Set down, exactly and only, everything from the line containing "mid-century finishes highlight" down to the line containing "Setting window lets" in the data below; the pictures are not part of the copy.
BEGIN Provided data
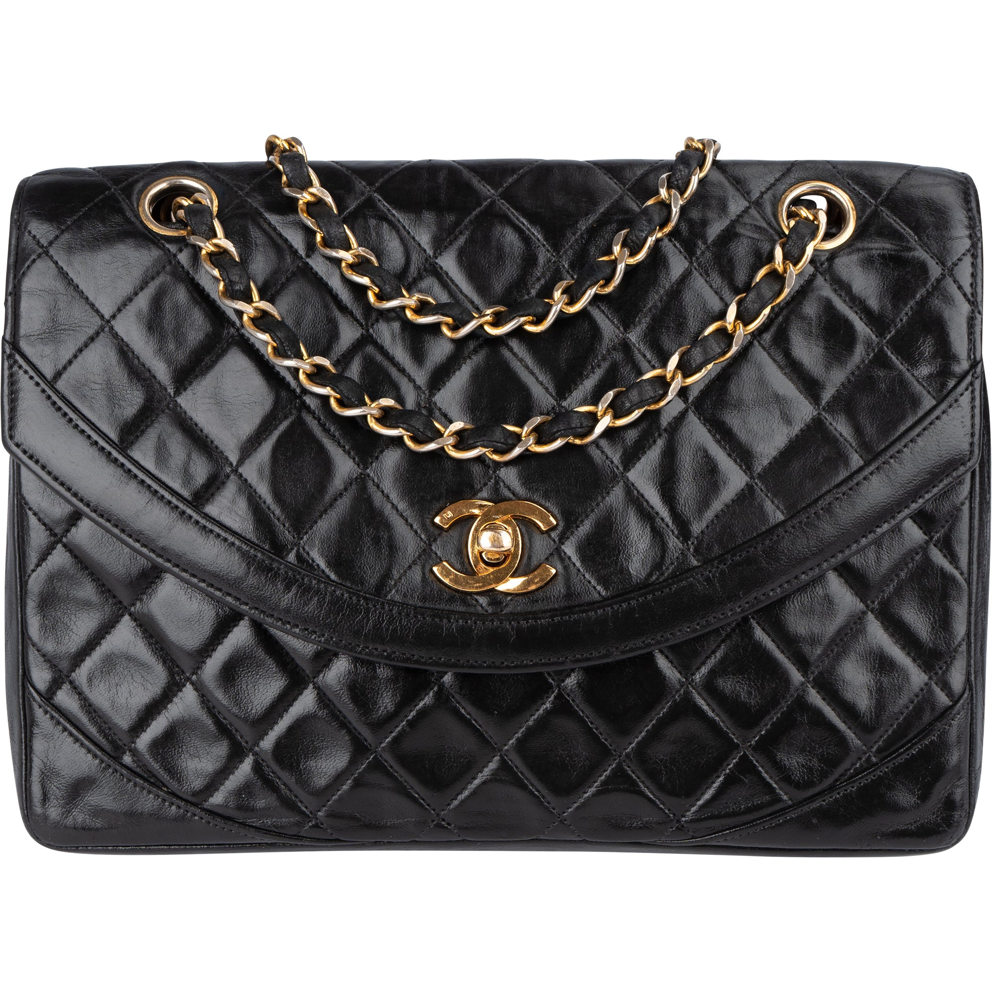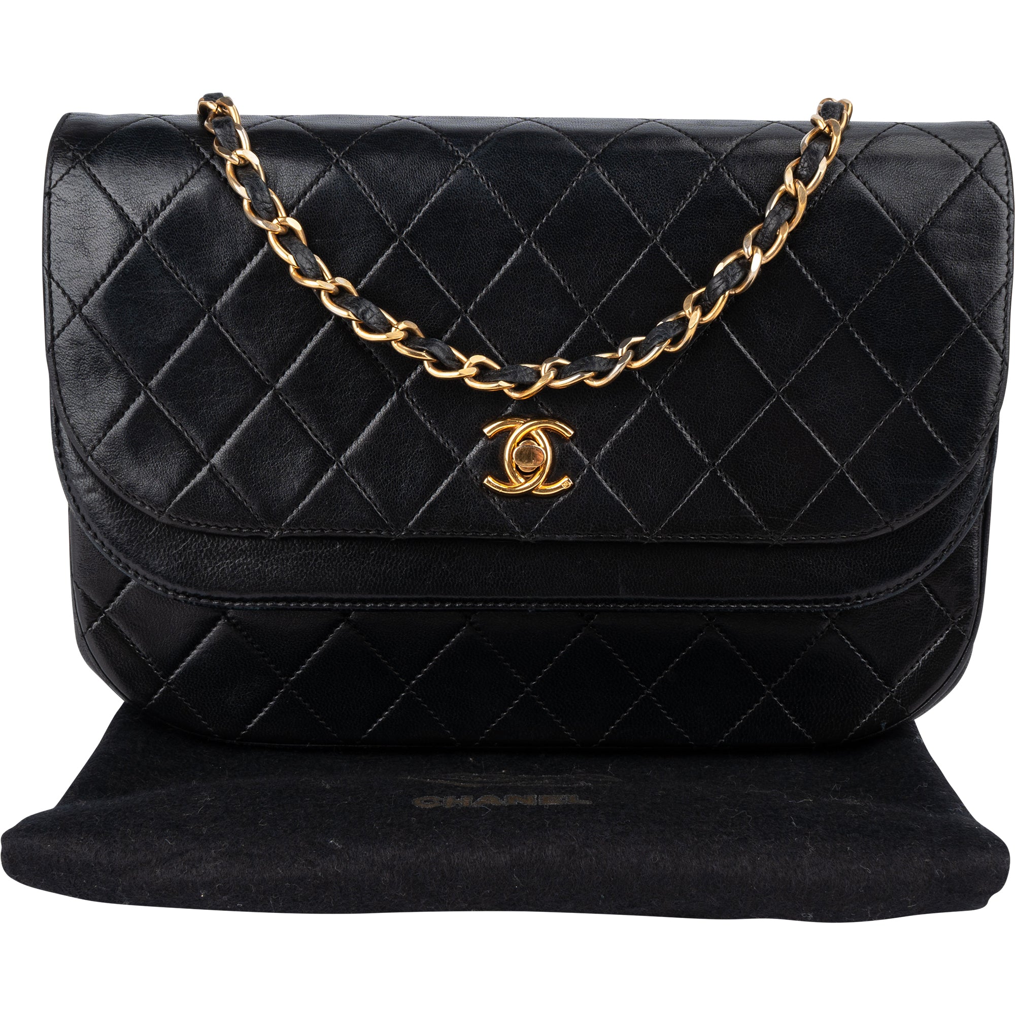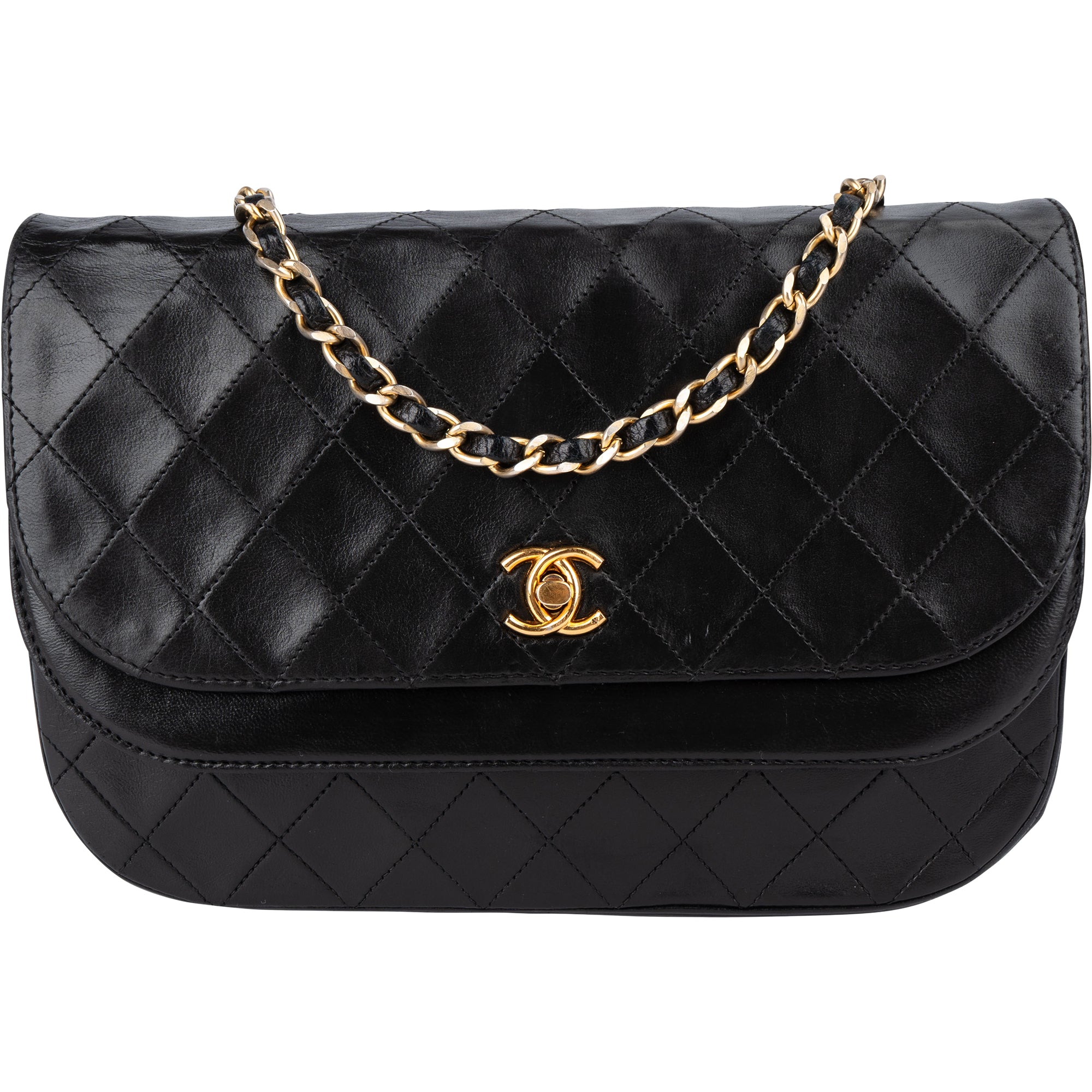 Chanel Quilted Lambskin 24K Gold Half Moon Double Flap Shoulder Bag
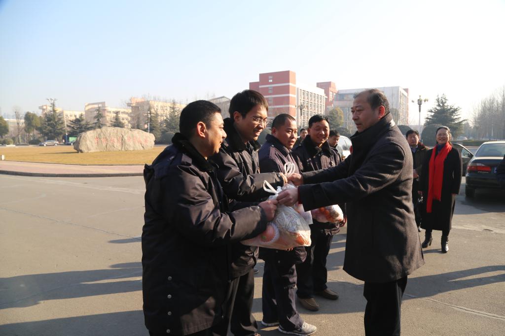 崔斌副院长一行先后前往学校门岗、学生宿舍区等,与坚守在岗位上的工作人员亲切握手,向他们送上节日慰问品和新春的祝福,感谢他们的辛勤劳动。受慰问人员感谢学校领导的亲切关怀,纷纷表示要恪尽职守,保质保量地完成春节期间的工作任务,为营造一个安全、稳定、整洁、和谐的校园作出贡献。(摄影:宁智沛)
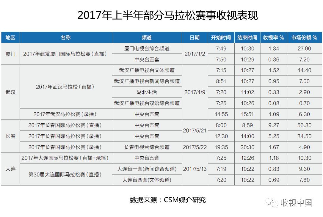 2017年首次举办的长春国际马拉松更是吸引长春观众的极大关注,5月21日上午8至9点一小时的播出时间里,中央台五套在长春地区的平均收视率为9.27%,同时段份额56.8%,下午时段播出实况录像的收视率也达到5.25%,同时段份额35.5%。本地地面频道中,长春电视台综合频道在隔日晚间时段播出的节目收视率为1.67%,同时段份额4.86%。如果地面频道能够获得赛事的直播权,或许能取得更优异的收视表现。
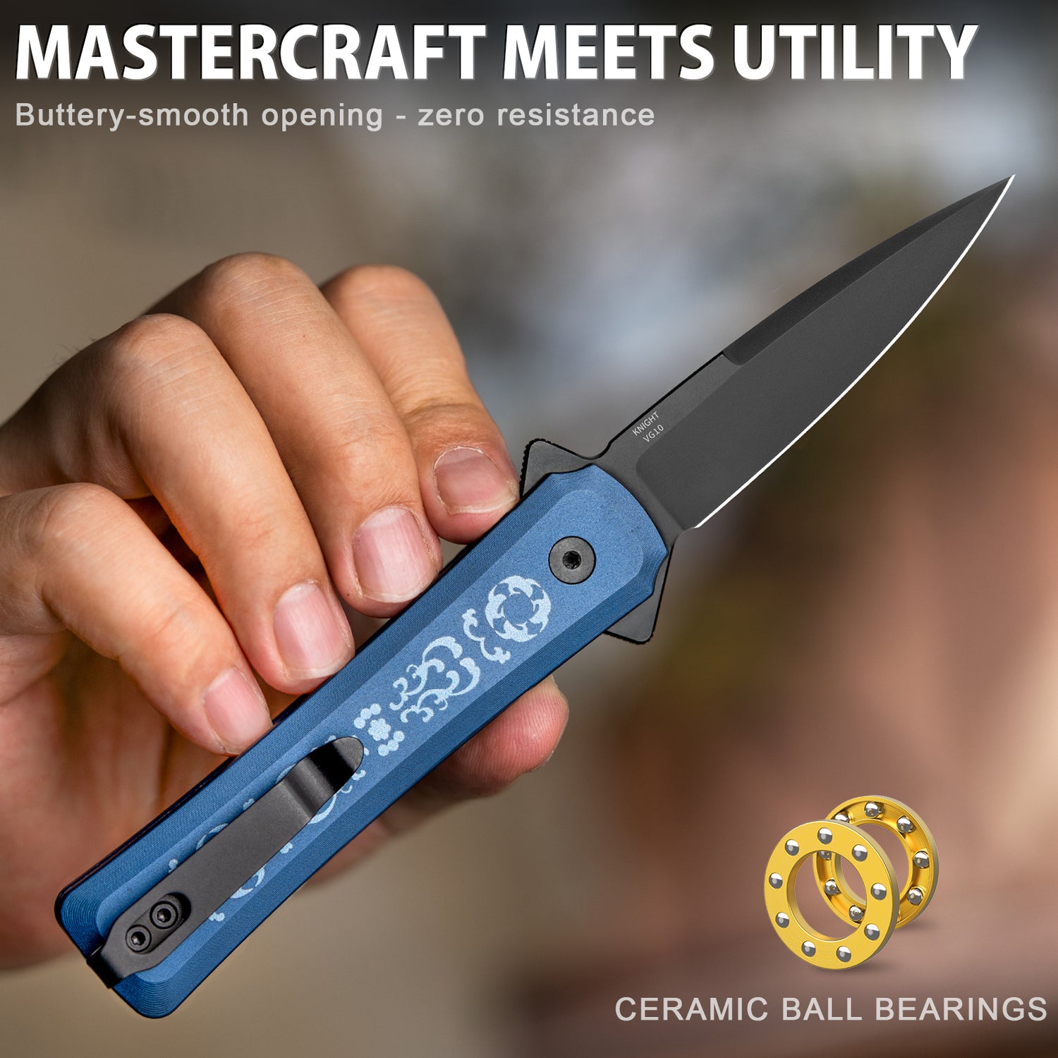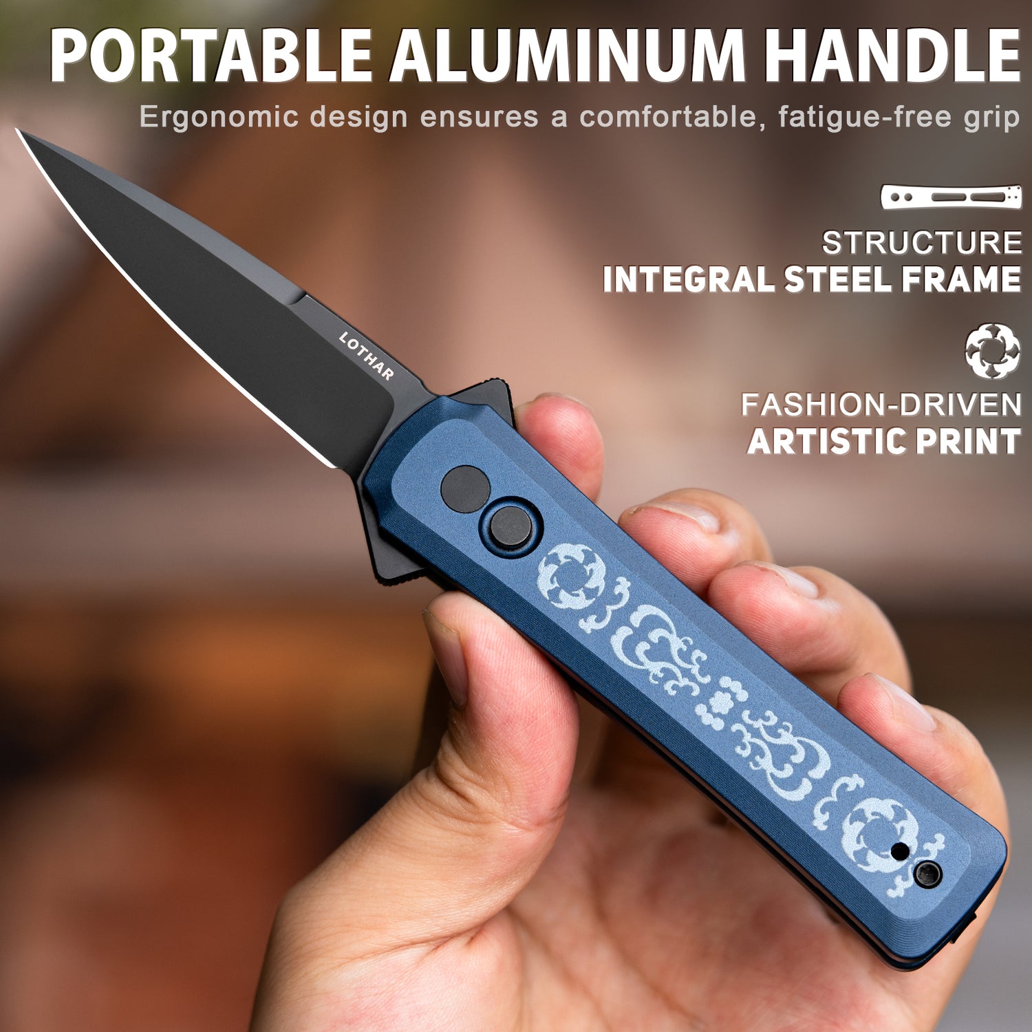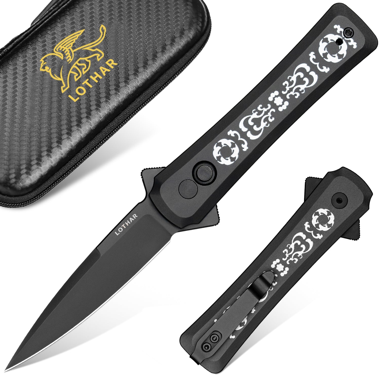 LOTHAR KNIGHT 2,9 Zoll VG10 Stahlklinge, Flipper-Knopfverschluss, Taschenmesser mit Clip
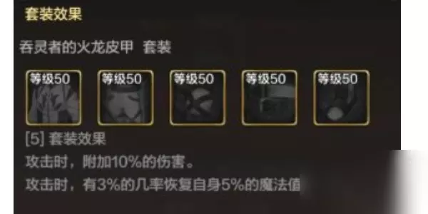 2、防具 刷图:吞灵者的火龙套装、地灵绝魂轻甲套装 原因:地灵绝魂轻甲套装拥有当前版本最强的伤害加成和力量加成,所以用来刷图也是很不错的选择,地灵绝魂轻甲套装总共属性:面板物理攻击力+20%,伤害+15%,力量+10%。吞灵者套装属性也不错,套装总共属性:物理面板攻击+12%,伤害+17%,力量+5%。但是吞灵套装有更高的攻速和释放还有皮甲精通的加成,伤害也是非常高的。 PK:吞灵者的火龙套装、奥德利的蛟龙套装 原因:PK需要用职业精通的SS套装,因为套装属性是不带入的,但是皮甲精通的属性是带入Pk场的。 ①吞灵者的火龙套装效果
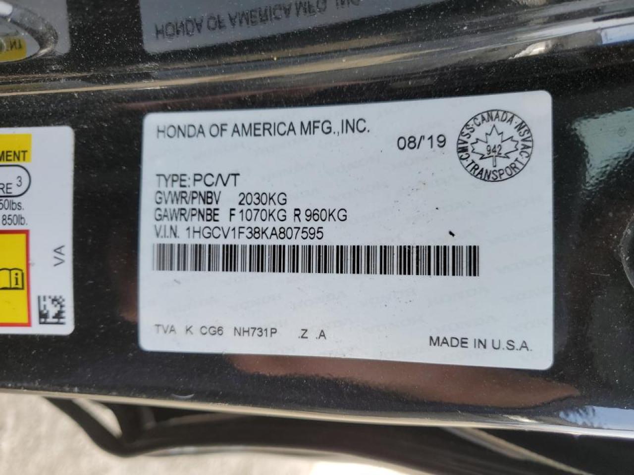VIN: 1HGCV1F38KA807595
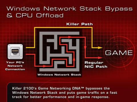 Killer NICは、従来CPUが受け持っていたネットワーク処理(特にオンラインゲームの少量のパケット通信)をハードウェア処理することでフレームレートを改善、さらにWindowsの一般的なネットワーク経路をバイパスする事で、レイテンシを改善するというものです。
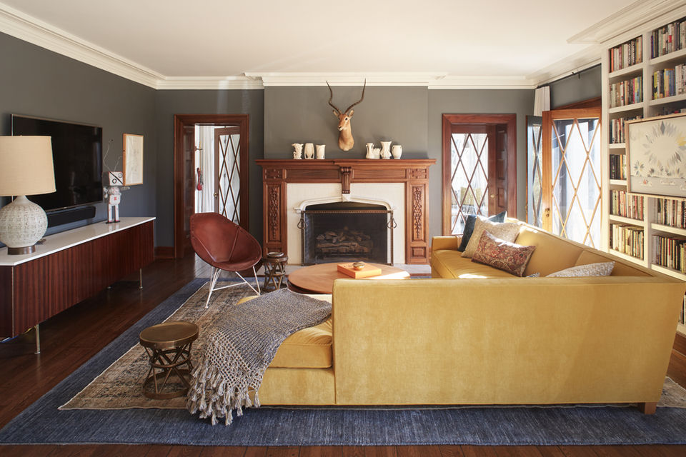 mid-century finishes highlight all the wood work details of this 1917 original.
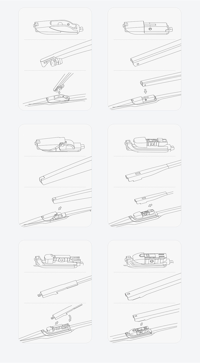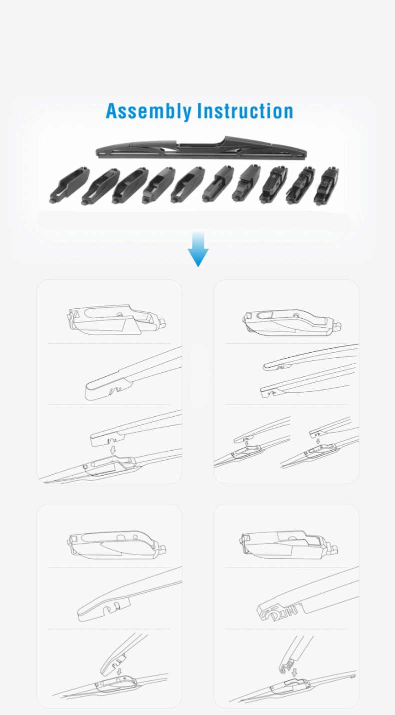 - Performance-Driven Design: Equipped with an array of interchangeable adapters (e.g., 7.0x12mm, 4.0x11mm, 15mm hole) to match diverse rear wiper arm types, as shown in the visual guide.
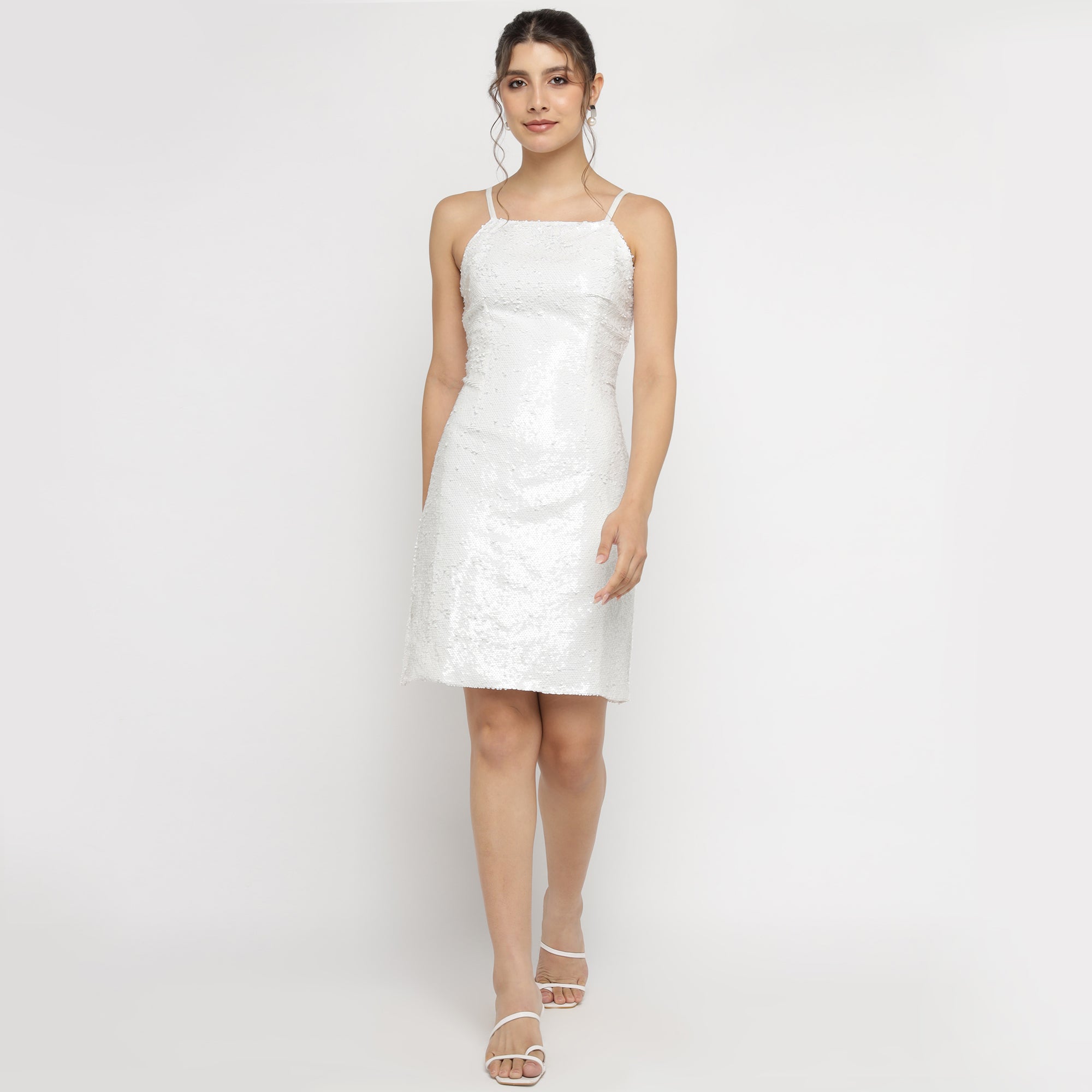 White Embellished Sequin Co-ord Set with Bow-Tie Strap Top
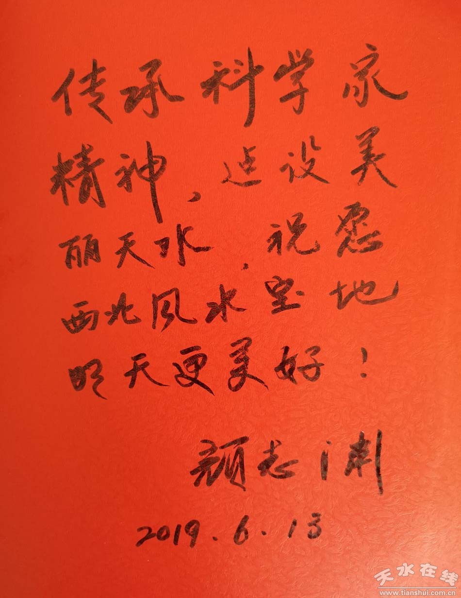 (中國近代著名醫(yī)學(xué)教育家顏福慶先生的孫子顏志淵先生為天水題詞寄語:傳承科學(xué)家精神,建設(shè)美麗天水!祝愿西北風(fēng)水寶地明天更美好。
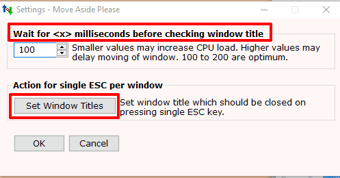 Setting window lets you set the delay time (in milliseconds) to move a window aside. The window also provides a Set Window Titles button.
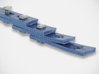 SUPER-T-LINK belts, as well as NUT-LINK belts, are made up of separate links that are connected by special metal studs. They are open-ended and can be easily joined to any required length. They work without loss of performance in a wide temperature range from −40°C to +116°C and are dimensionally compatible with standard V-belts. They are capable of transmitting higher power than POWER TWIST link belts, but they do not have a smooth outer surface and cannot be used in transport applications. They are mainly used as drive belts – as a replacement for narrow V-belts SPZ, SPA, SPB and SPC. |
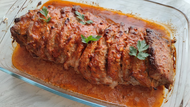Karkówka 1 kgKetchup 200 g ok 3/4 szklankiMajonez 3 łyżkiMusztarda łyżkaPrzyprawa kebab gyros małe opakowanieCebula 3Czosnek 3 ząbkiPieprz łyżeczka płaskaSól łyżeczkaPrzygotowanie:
END Provided data
## Answer to this exercise
 mid-century finishes highlight all the wood work details of this 1917 original.
 - Performance-Driven Design: Equipped with an array of interchangeable adapters (e.g., 7.0x12mm, 4.0x11mm, 15mm hole) to match diverse rear wiper arm types, as shown in the visual guide.
 White Embellished Sequin Co-ord Set with Bow-Tie Strap Top
 (中國近代著名醫(yī)學(xué)教育家顏福慶先生的孫子顏志淵先生為天水題詞寄語:傳承科學(xué)家精神,建設(shè)美麗天水!祝愿西北風(fēng)水寶地明天更美好。
 Setting window lets you set the delay time (in milliseconds) to move a window aside. The window also provides a Set Window Titles button.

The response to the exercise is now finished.